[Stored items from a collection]
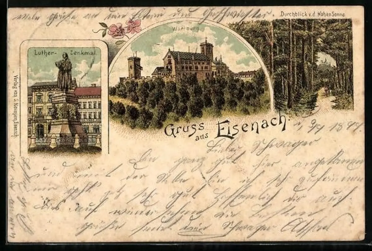 Lithographie Eisenach, Wartburg mit Luther-Denkmal und Durchblick v. d. Hohen Sonne
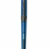 This pen features hues of blues and green, accented with a heavy coat of 18k gold plated trim. Each pen has its own color pattern and design due to the nature of its resin.
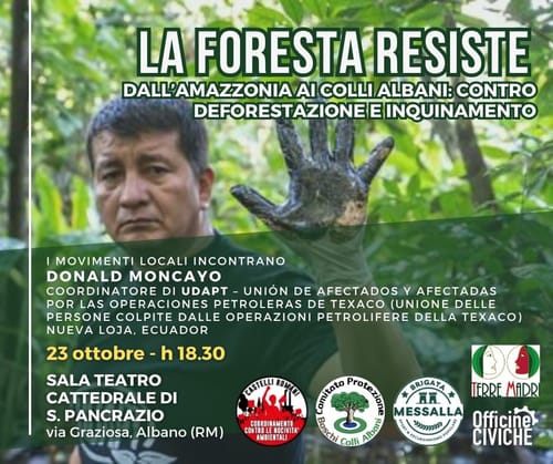 In comunicazione telefonica con Doris, del Comitato per la Protezione Boschi dei Colli Albani, abbiamo parlato di come sarà questo incontro ma anche di cosa si può imparare delle lotte per l'ambiente e contro il capitalismo che portano avanti i popoli del Sudamerica contro le grandi petroliere che devastano la foresta Amazzonica.
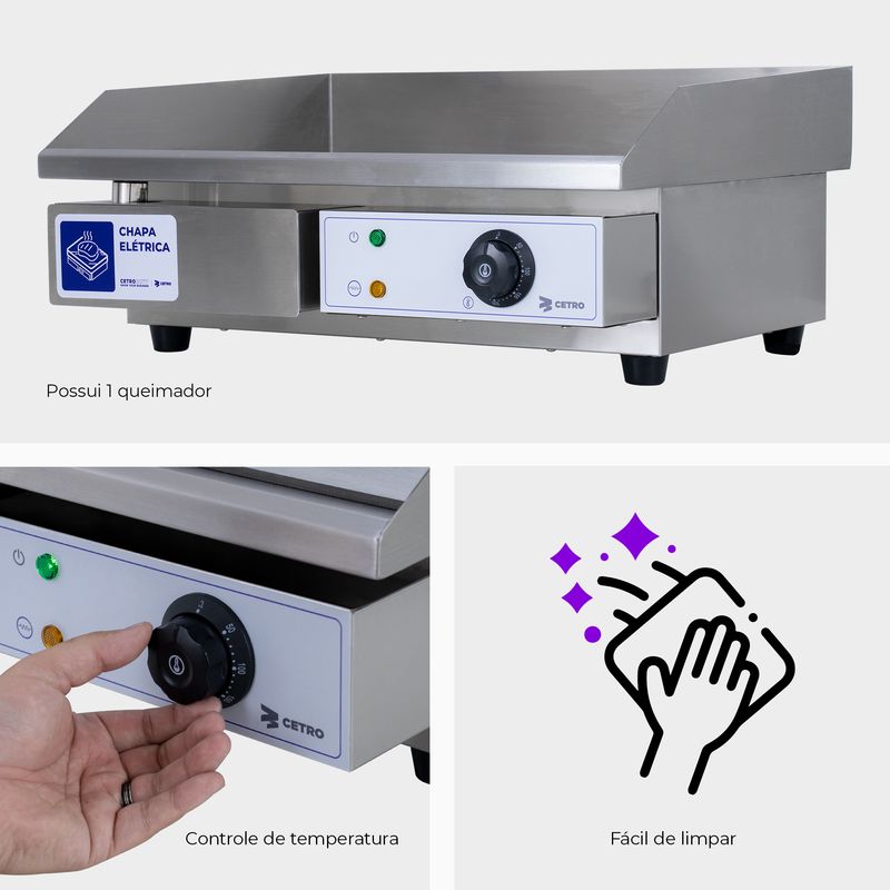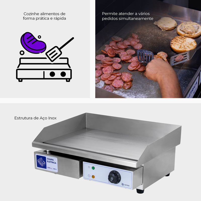 Desenvolvida para rotinas intensas, a Chapa Elétrica da Cetro coloca o controle total nas mãos do profissional, permitindo garantir o ponto perfeito de cada preparo do primeiro ao último pedido.
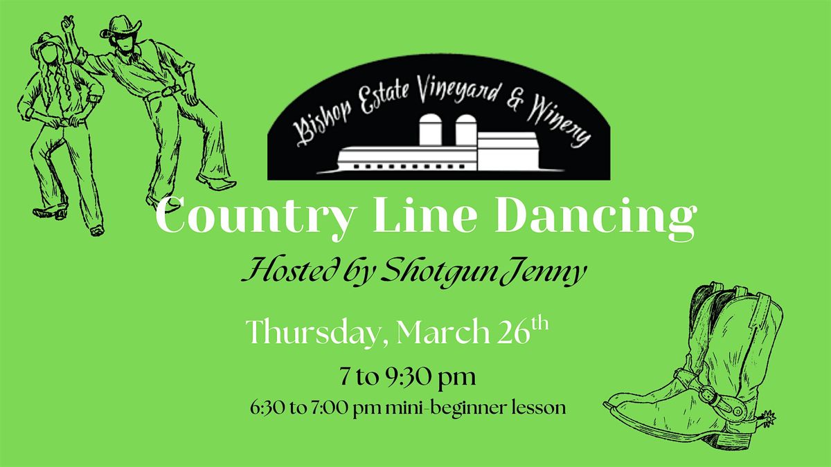 Come join us for a night of country line dancing with the one and only Shotgun Jenny at Bishop Estate Vineyard and Winery! Get ready to kick up your heels and dance the night away to some awesome country tunes. Whether you're a seasoned pro or a beginner, everyone is welcome to join in on the fun.
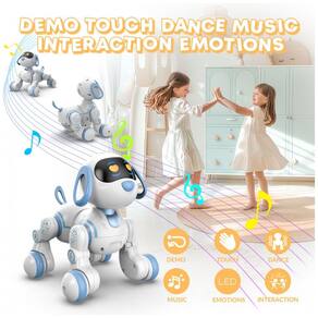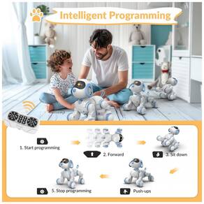 O modo de programação permite registrar uma sequência de movimentos, como andar para frente, para trás, virar à esquerda e à direita, que são reproduzidos na ordem definida pela criança. O robô possui danças e músicas integradas, podendo executar diferentes coreografias quando acionado pelo controle, com olhos em LED que reforçam a expressão visual durante os movimentos. A articulação na região da cintura permite imitar poses típicas de animais, aumentando as possibilidades de gestos durante a brincadeira.
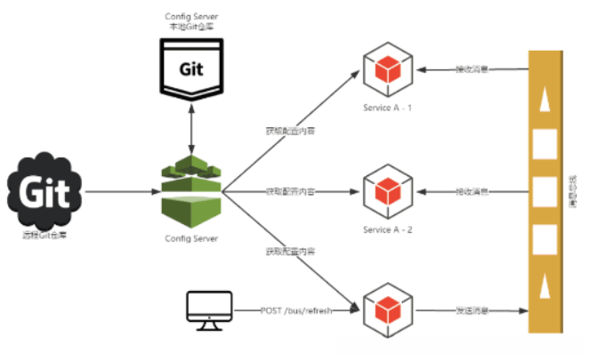 这里引用 程序猿DD 画的一张图片,Spring Cloud Config 配合 Bus 完成所有节点配置的刷新来描述之前的实例(本文实例不是刷新,而是新增配置,但是流程是一样的):
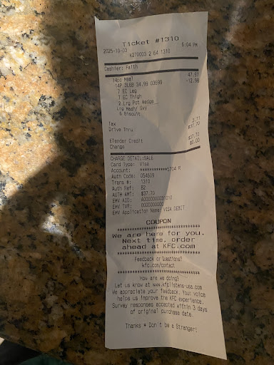 Just left this store never again will I return. They refused to do two separate at the drive through. So I said I would come inside I could the attend laughing and saying she's coming in. I came inside with my sister placed my order and then told the cashier my sister is hanicapped and does math a little slower he said ok and helped her the only person that was descent in that place. keep in mind I can hear the manger and everyone still talking in the back even worse they are laughing at my handicap sister who paid in cash and I paid with a card. When I asked for the cooperate number the cashier went to the manager and asked for it you can hear her yell tell her to read the receipt it's on there he tells her no it's not. She then comes up and said well she should know it it's 1-800-call-kfc then grabs the receipt and writes it I ask for her name and the drive thro attends name and she replies you can have mine but you don't need hers I said yes I do! She said that's my employee and I don't want to give it to you I don't have too. I asked since when do you not take two orders at drive through she said forever but it doesn't matter it's her policy and she's the manager keep in mind she is only the shift manager didn't wanna give any other managers names out not even district. As she is telling me all this she's laughing at me and the other employees staring through the back window. My sister still standing by me almost in tears because she's embarrassed about her handicap. I continue to try to get any information for her and she continues to brush it off and laugh then stops and said I'm done have a good night then walks to the back leaving me at the counter trying to get her to come back. I have never been so disrespected in my life. To the point is that I was in tears for the utter slap in the face and my sister feeling horrible...
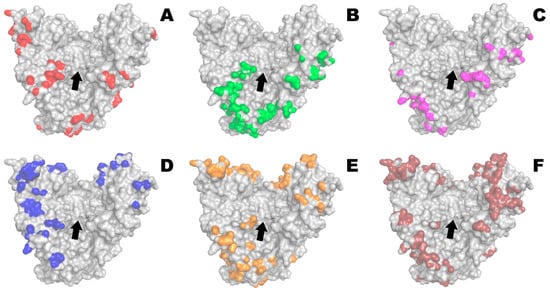 Domains of PvdQ (PDB 4m1j) covered by PLE50 (A), PLD50 (B), PEG-PLE50 (C), PEG-PLD50 (D), PLE50-PEG-PLE50 (E), and succinylated gelatin (gelofusine) (F), and thus capable of interacting with them within enzyme–polyelectrolyte complexes. The entrance into the active site is highlighted by the arrow; it localizes in the hollow of the V-shaped protein molecule, being slightly tilted forward in the figure for illustration purposes.
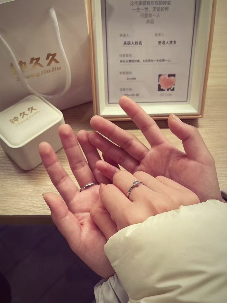 山海有距,爱意无界。愿每一对异地恋情侣,都能戴着钟久久,守着一份笃定,熬过漫长距离,等到朝夕相伴;愿每一份跨越山海的爱恋,都能被指环铭记,从心动到白头,钟情一生,久久不弃。
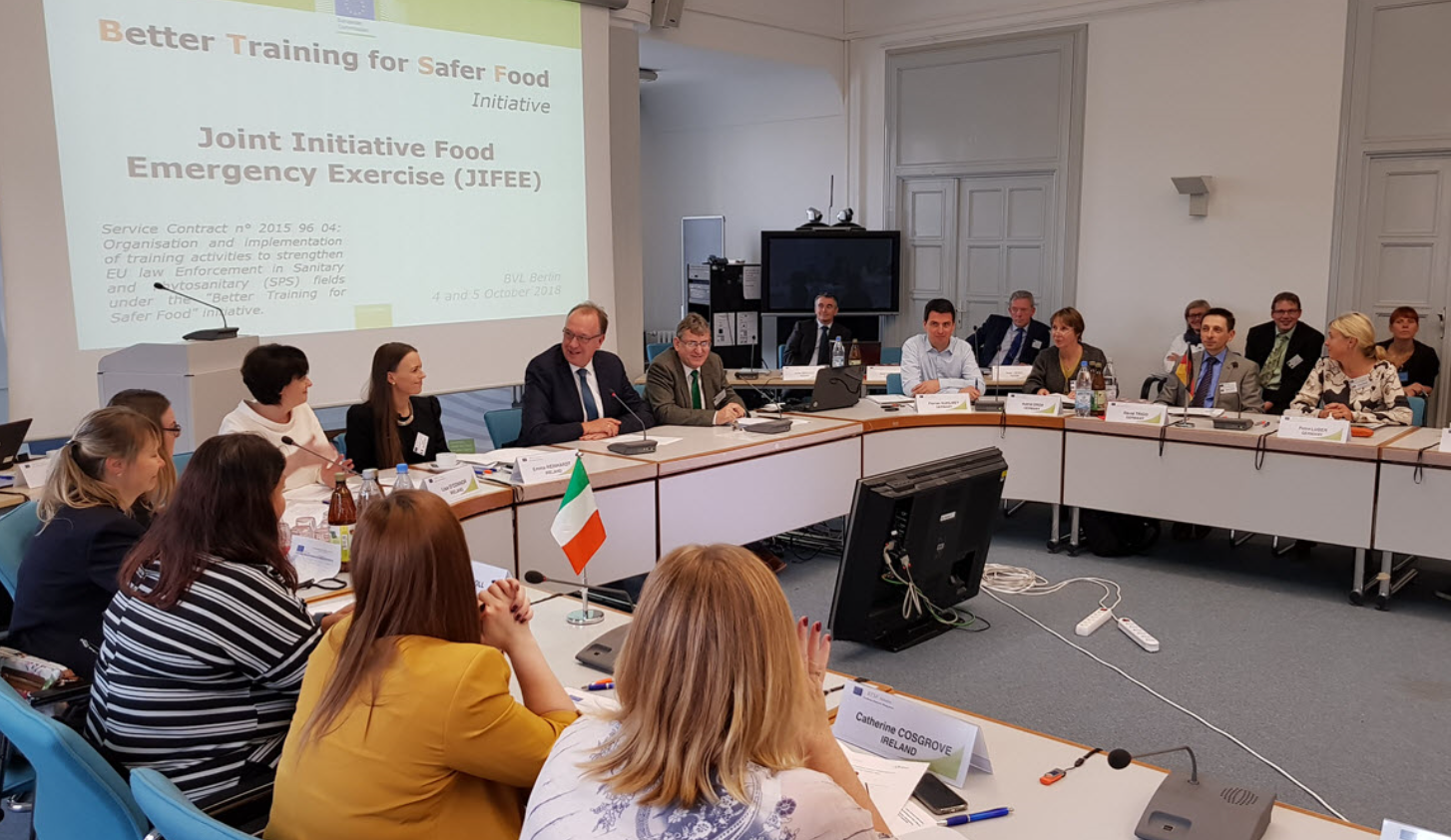 The event was organized by the Joint Initiative Food Emergency Exercise (JIFEE) working group of the Heads of Food Safety Agencies (HoA) with funding from the Better Training for Safer Food (BTSF) initiative.
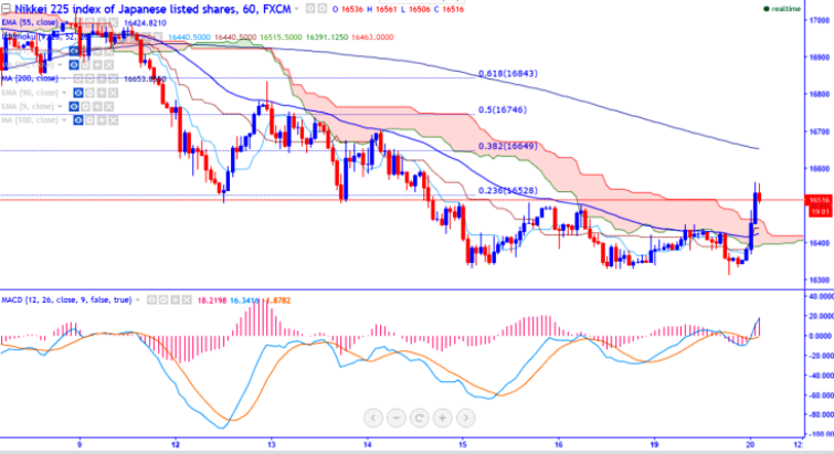 - Nikkei225 has recovered sharply after decling till 16316 at the time of writing.It is currently trading around 16511.
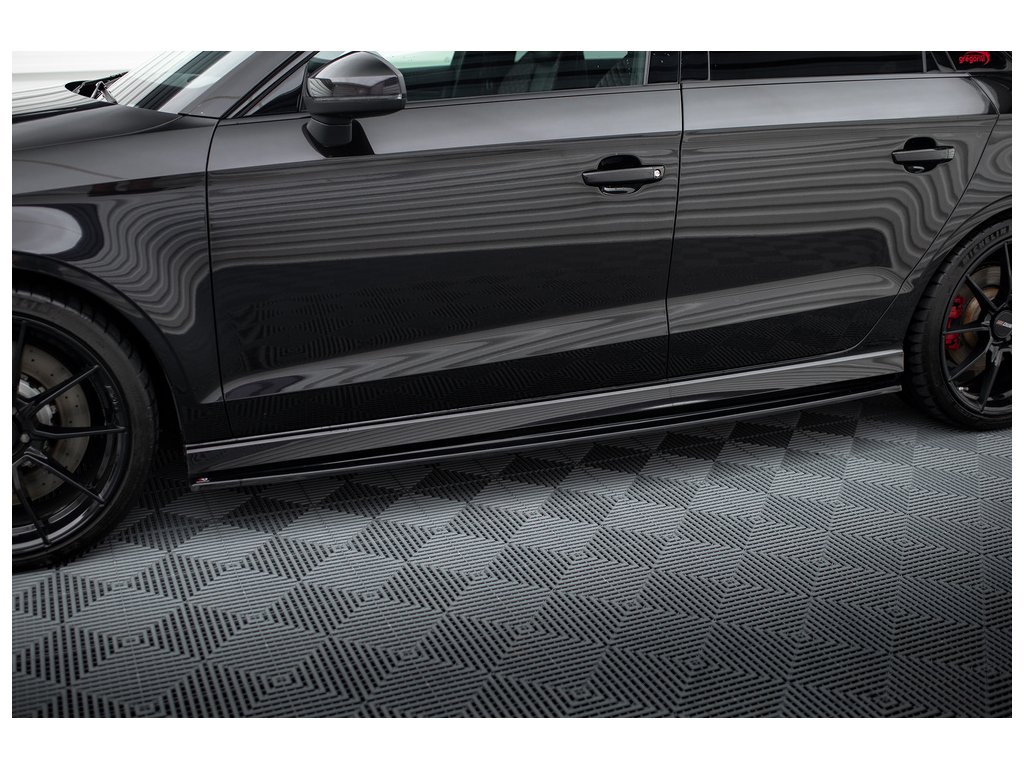 Difuzory bočních prahů Audi RS3 8V FL Sedan, povrchová úprava černý lesklý plast ABS.

* _WORK INSTRUCTIONS_:
Write out, word for word, the stretch of entries that begins at the line with "In comunicazione telefonica" and ends at the line with "Come join us". Pictures do not belong in it.

* _ANSWER SECTION_:
 In comunicazione telefonica con Doris, del Comitato per la Protezione Boschi dei Colli Albani, abbiamo parlato di come sarà questo incontro ma anche di cosa si può imparare delle lotte per l'ambiente e contro il capitalismo che portano avanti i popoli del Sudamerica contro le grandi petroliere che devastano la foresta Amazzonica.
 Desenvolvida para rotinas intensas, a Chapa Elétrica da Cetro coloca o controle total nas mãos do profissional, permitindo garantir o ponto perfeito de cada preparo do primeiro ao último pedido.
 Come join us for a night of country line dancing with the one and only Shotgun Jenny at Bishop Estate Vineyard and Winery! Get ready to kick up your heels and dance the night away to some awesome country tunes. Whether you're a seasoned pro or a beginner, everyone is welcome to join in on the fun.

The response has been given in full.